Activity:
Retype the listing exactly, minus its pictures.

Dataset extract:
Segment Open

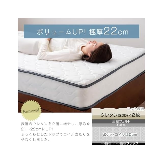 【サイズ】幅97x奥行195x厚み22cm コイル数:528個 重量:約16kg【中国製】
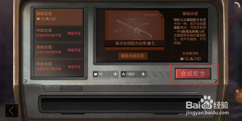 根本合当作 是新手默认的合当作方式,而中级、高级和特级合当作需要庄园达到3、5、7级才可以解锁,在左边的合当作体例中点击 根本合当作,根本合当作需要10配方
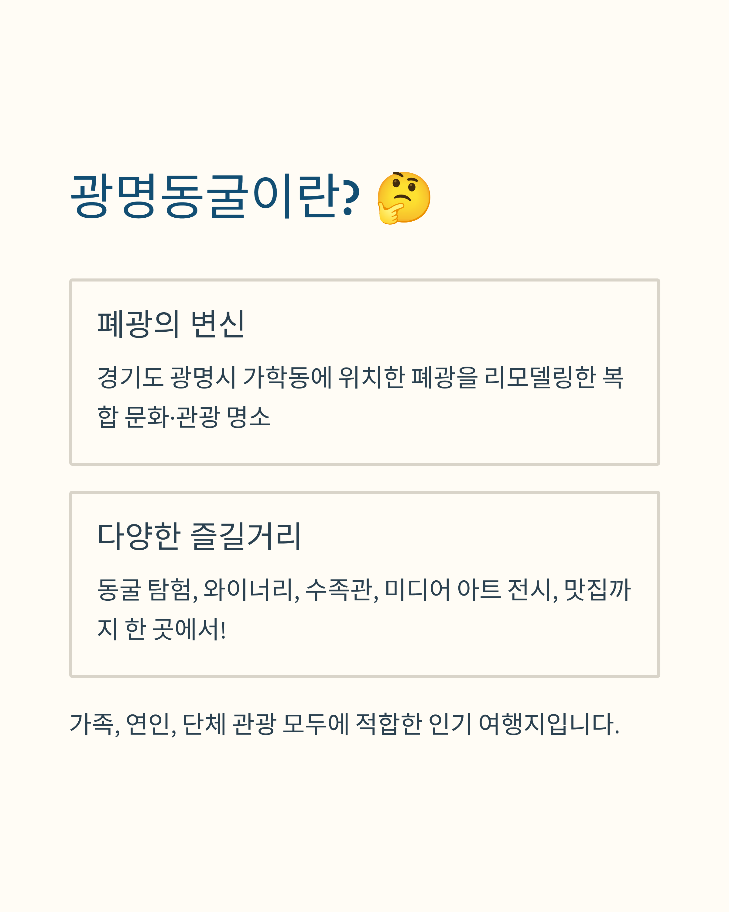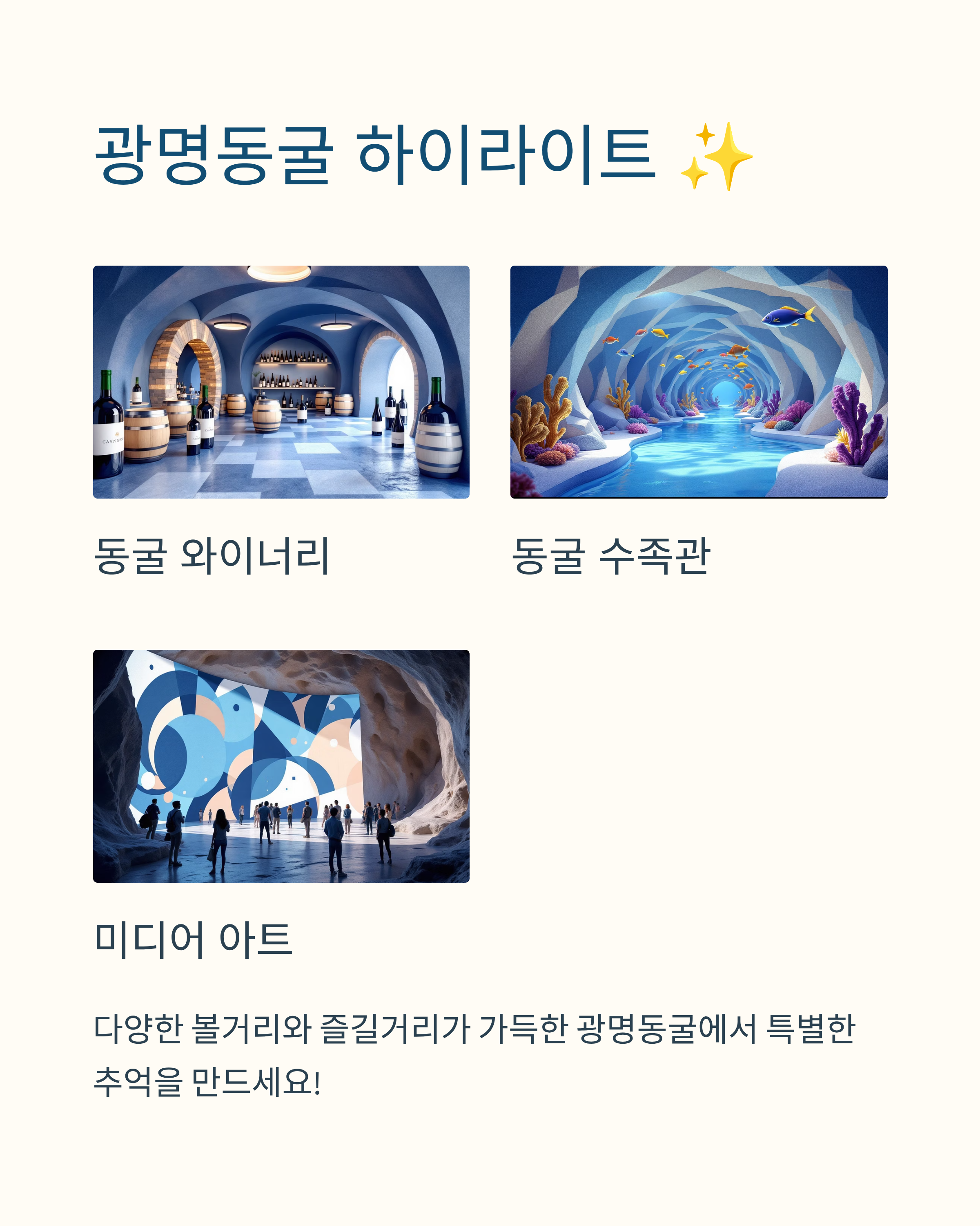 광명동굴은 경기도 광명시 가학동에 위치한 폐광을 리모델링해 만든 복합 문화·관광 명소로, 동굴 탐험뿐 아니라 와이너리, 수족관, 미디어 아트 전시, 맛집까지 즐길 수 있는 인기 여행지입니다. 가족 나들이, 연인 데이트, 단체 관광 모두에 적합한 곳입니다.

Segment Closed

Written solution:
 【サイズ】幅97x奥行195x厚み22cm コイル数:528個 重量:約16kg【中国製】
 根本合当作 是新手默认的合当作方式,而中级、高级和特级合当作需要庄园达到3、5、7级才可以解锁,在左边的合当作体例中点击 根本合当作,根本合当作需要10配方
 광명동굴은 경기도 광명시 가학동에 위치한 폐광을 리모델링해 만든 복합 문화·관광 명소로, 동굴 탐험뿐 아니라 와이너리, 수족관, 미디어 아트 전시, 맛집까지 즐길 수 있는 인기 여행지입니다. 가족 나들이, 연인 데이트, 단체 관광 모두에 적합한 곳입니다.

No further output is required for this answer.